Exercise
Each line of the records that follow must come back exactly, with pictures skipped.

——

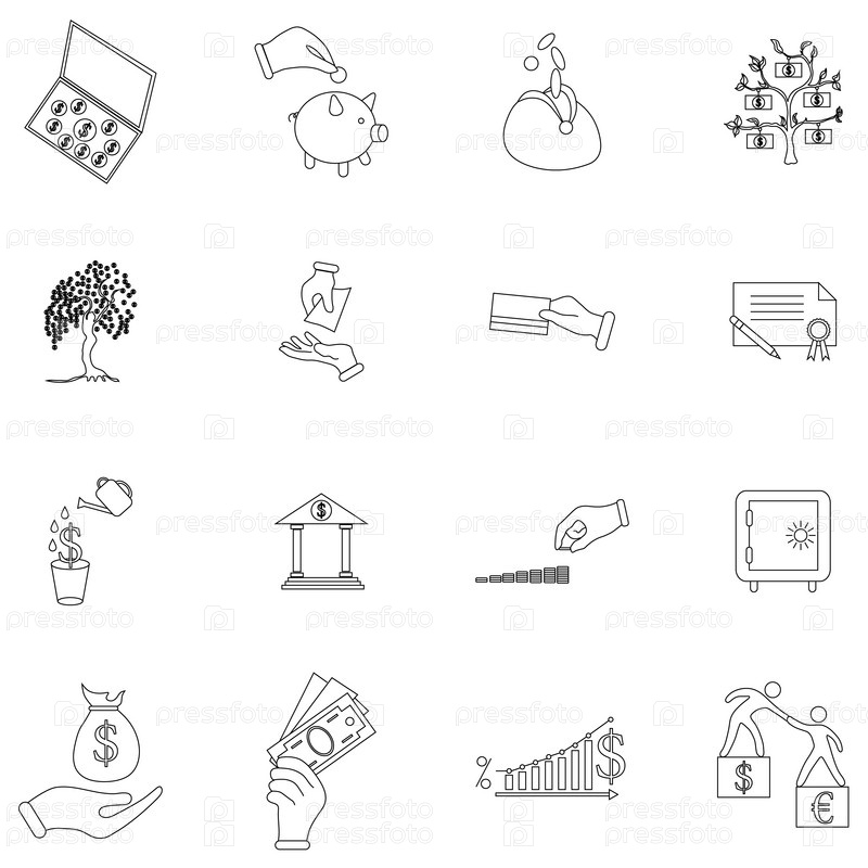 Набор значков денег, стиль тонкой линии
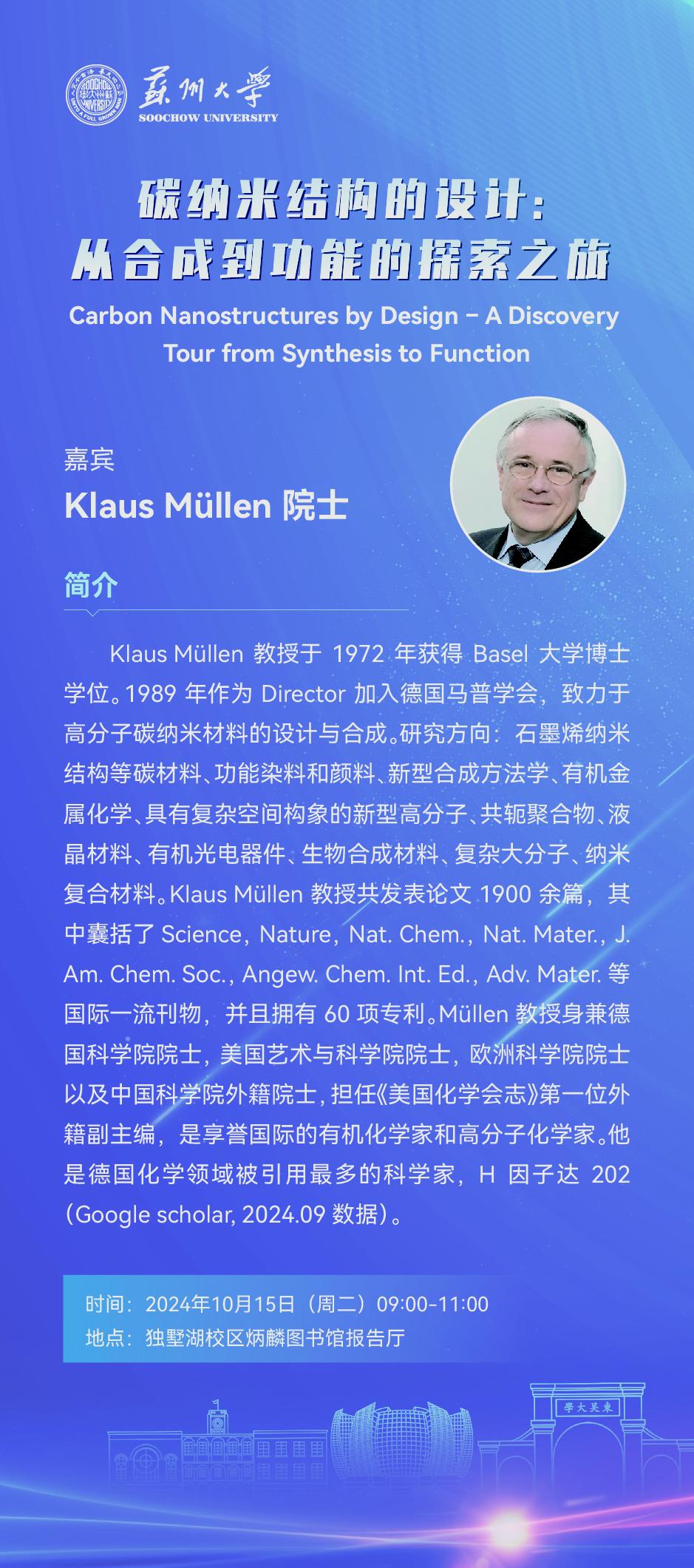 马克斯·普朗克聚合物研究所Klaus Müllen院士10月15日上午学术报告
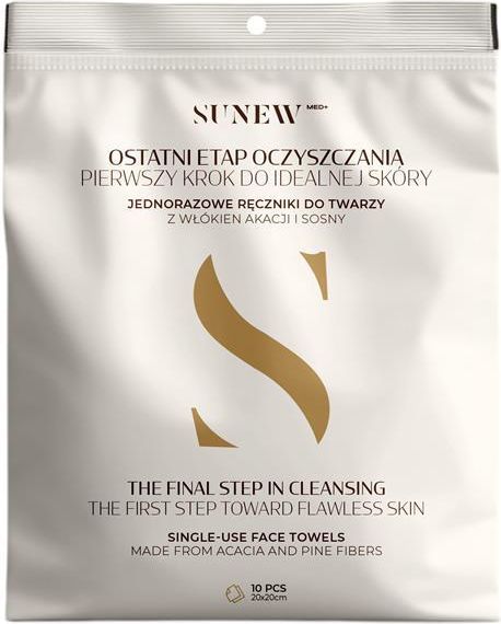 Sunew Med+ Jednorazowe Ręczniki do Twarzy 10 Sztuk Sunew Med+ Jednorazowe Ręczniki do Twarzy to ostatni etap oczyszczania i jednocześnie pierwszy krok do idealnej skóry. Stworzone dla osób, które chcą podnieść skuteczność codziennej pielęgnacji i zadbać o maksymalną higienę twarzy - bez kompromisów. Jednorazowe ręczniki eliminują kontakt skóry z bakteriami, wilgocią, resztkami martwego naskórka oraz detergentami obecnymi w klasycznych ręcznikach. Wykonane z ultrałagodnych włókien roślinnych, są delikatniejsze dla skóry, zmniejszają tarcie i ryzyko podrażnień, wspierając czystą i zdrową cerę. Sunew Med+ Jednorazowe Ręczniki do Twarzy sprawdzą się w domu, w podróży, po treningu lub w gabinecie kosmetycznym. To idealny wybór dla skóry wrażliwej, problematycznej i skłonnej do zaskórników - wszędzie tam, gdzie liczy się czystość, komfort i świadoma pielęgnacja. Korzyści ze stosowania - Maksymalna higiena bez bakterii i wilgoci - Mniejsze ryzyko podrażnień i tarcia skóry - Wsparcie w walce z niedoskonałościami i zaskórnikami - Wygodne rozwiązanie do domu, podróży i po treningu Sposób użycia Po umyciu twarzy delikatnie osusz skórę jednorazowym ręcznikiem. Użyj jednego ręcznika na jedno zastosowanie, a następnie wyrzuć. Stosuj codziennie jako stały element pielęgnacji. Pojemność: 10 Sztuk
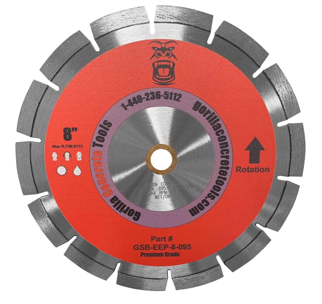 Gorilla GS-300 Early Entry Joint Saw. Versatile and powerful saw designed for the concrete professional. Saw offers cut depths of 1/2" all the way up to 3" in 1/2" increments. Intuitive frame pivot design allows blade to be left on saw during transport. High-torque variable speed electric drive system propels saw smoothly and consistently. Linkage operated front pointer arm allows operator to retract pointer arm when terminating cuts. Up-cut saw design partners with a spring-loaded skid plate to prevent raveling. Ergonomic handle design aids in operator comfort. Centered lifting hook for easy loading and unloading.
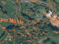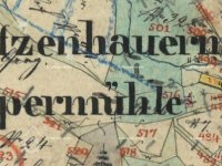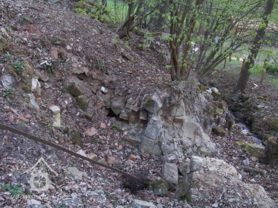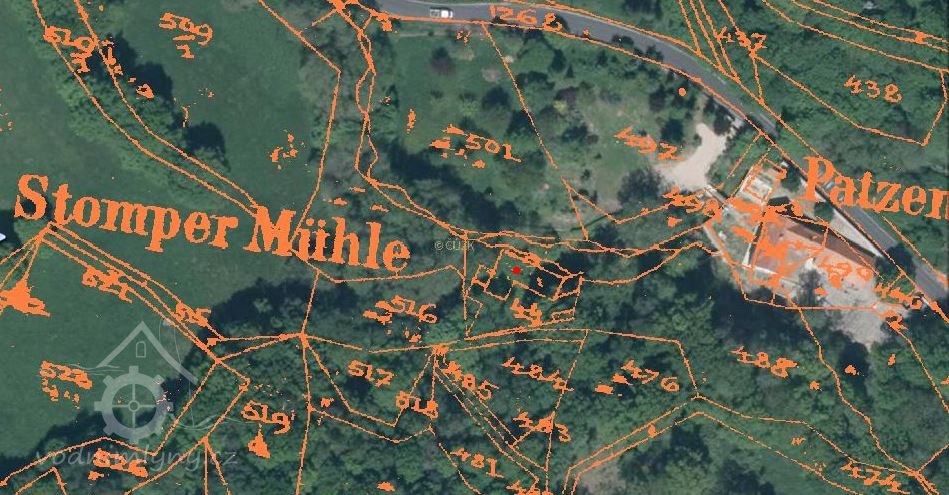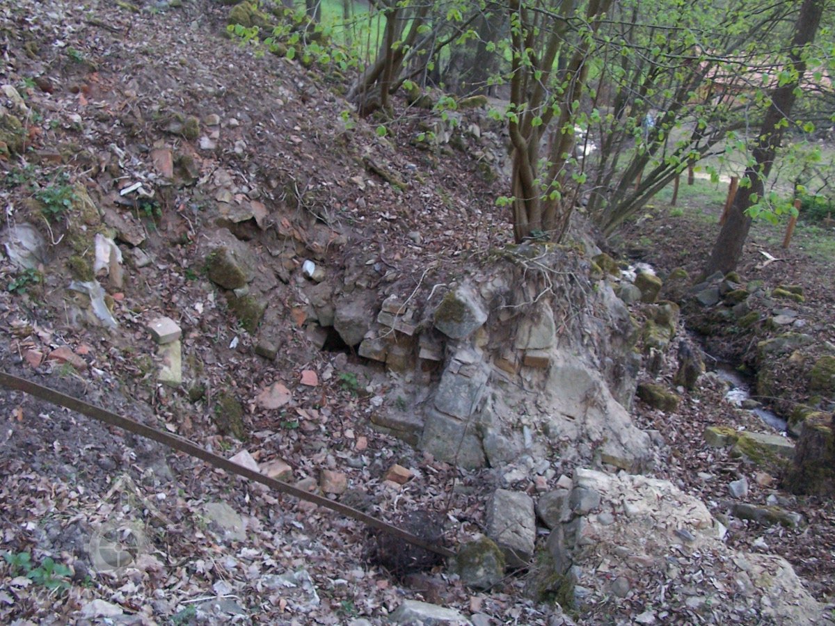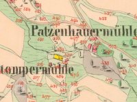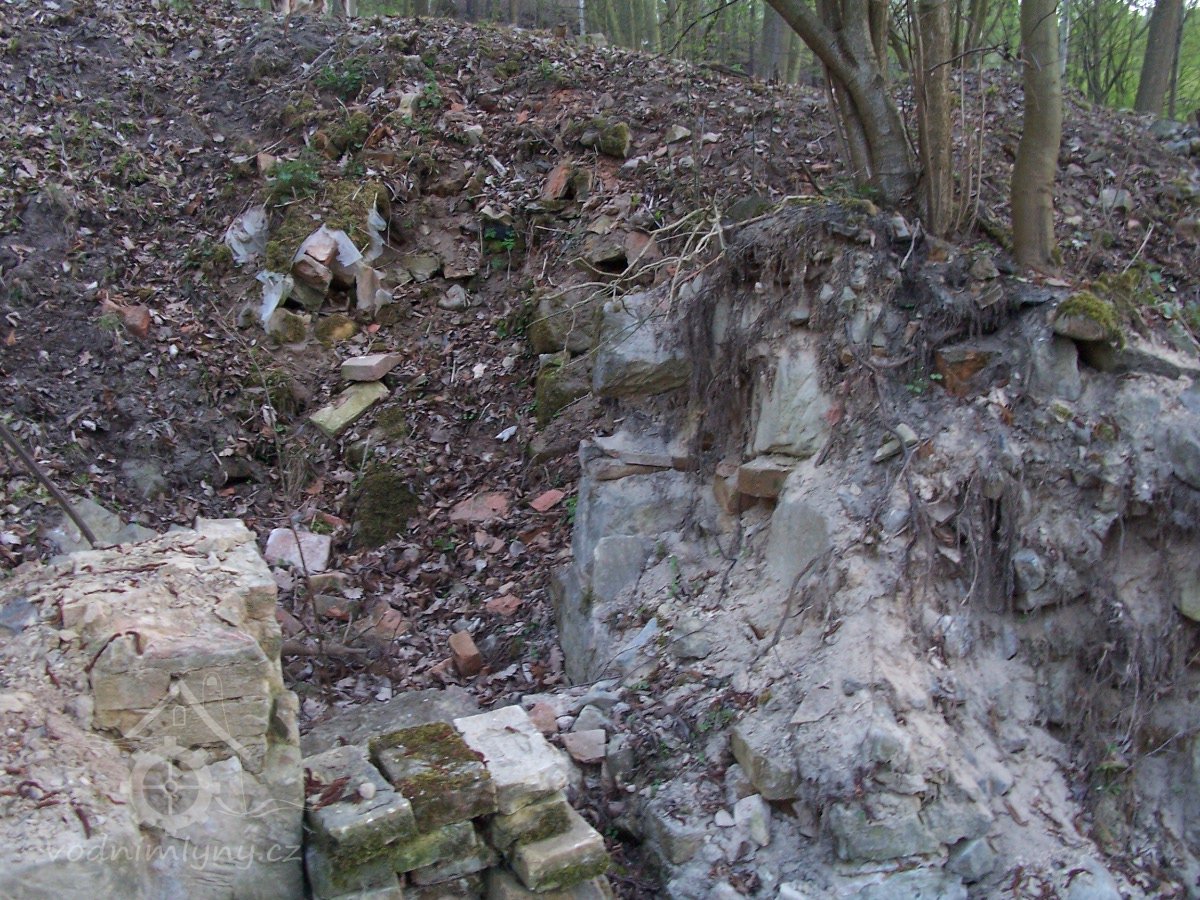 Zbořený mlýn nyní nacházející se na pozemku sousedního proti proudu položeného Patzenhauerova mlýna.

——

Reply
 Набор значков денег, стиль тонкой линии
 马克斯·普朗克聚合物研究所Klaus Müllen院士10月15日上午学术报告
 Sunew Med+ Jednorazowe Ręczniki do Twarzy 10 Sztuk Sunew Med+ Jednorazowe Ręczniki do Twarzy to ostatni etap oczyszczania i jednocześnie pierwszy krok do idealnej skóry. Stworzone dla osób, które chcą podnieść skuteczność codziennej pielęgnacji i zadbać o maksymalną higienę twarzy - bez kompromisów. Jednorazowe ręczniki eliminują kontakt skóry z bakteriami, wilgocią, resztkami martwego naskórka oraz detergentami obecnymi w klasycznych ręcznikach. Wykonane z ultrałagodnych włókien roślinnych, są delikatniejsze dla skóry, zmniejszają tarcie i ryzyko podrażnień, wspierając czystą i zdrową cerę. Sunew Med+ Jednorazowe Ręczniki do Twarzy sprawdzą się w domu, w podróży, po treningu lub w gabinecie kosmetycznym. To idealny wybór dla skóry wrażliwej, problematycznej i skłonnej do zaskórników - wszędzie tam, gdzie liczy się czystość, komfort i świadoma pielęgnacja. Korzyści ze stosowania - Maksymalna higiena bez bakterii i wilgoci - Mniejsze ryzyko podrażnień i tarcia skóry - Wsparcie w walce z niedoskonałościami i zaskórnikami - Wygodne rozwiązanie do domu, podróży i po treningu Sposób użycia Po umyciu twarzy delikatnie osusz skórę jednorazowym ręcznikiem. Użyj jednego ręcznika na jedno zastosowanie, a następnie wyrzuć. Stosuj codziennie jako stały element pielęgnacji. Pojemność: 10 Sztuk
 Gorilla GS-300 Early Entry Joint Saw. Versatile and powerful saw designed for the concrete professional. Saw offers cut depths of 1/2" all the way up to 3" in 1/2" increments. Intuitive frame pivot design allows blade to be left on saw during transport. High-torque variable speed electric drive system propels saw smoothly and consistently. Linkage operated front pointer arm allows operator to retract pointer arm when terminating cuts. Up-cut saw design partners with a spring-loaded skid plate to prevent raveling. Ergonomic handle design aids in operator comfort. Centered lifting hook for easy loading and unloading.
 Zbořený mlýn nyní nacházející se na pozemku sousedního proti proudu položeného Patzenhauerova mlýna.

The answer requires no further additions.